Дебрэ слегка покраснел и взглянул в ту сторону, куда смотрел Бошан.
— Да нет же, — сказал он, — эта дама под густой вуалью какая-нибудь знатная иностранка, может быть, мать князя Кавальканти; но вы, кажется, хотели рассказать что-то интересное, Бошан?
— Я?
— Да. Вы говорили о странной смерти Валентины.
— Ах да; но почему не видно госпожи де Вильфор?

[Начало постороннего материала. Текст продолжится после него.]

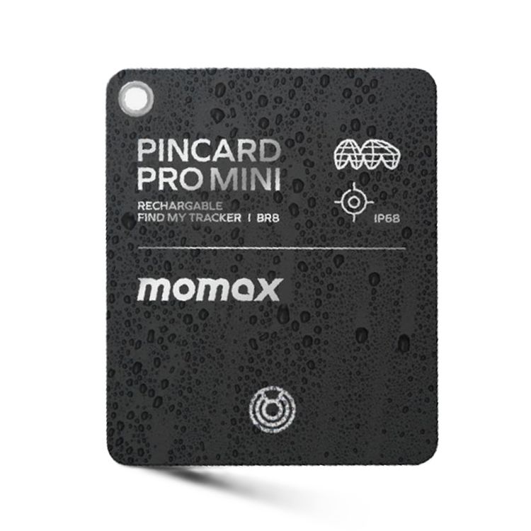 جهاز تتبع Momax Pincard Mini FindMy GPS مع شحن لاسلكي وبلوتوث 5.1 وتصنيف IP68 المقاوم للماء وسعة بطارية 100 مللي أمبير - أسود

— Бедняжка! — сказал Дебрэ. — Она, вероятно, перегоняет мелиссу для больниц или составляет помады для себя и своих приятельниц. Говорят, она тратит на эту забаву тысячи три экю в год. В самом деле, почему же ее не видно? Я бы с удовольствием повидал ее, она мне очень нравится.
— А я ее не терплю, — сказал Шато-Рено.
— Почему это?
— Не знаю. Почему мы любим? Почему ненавидим? Я ее не выношу потому, что она мне антипатична.
— Или, может быть, инстинктивно.
— Может быть… Но вернемся к вашему рассказу, Бошан.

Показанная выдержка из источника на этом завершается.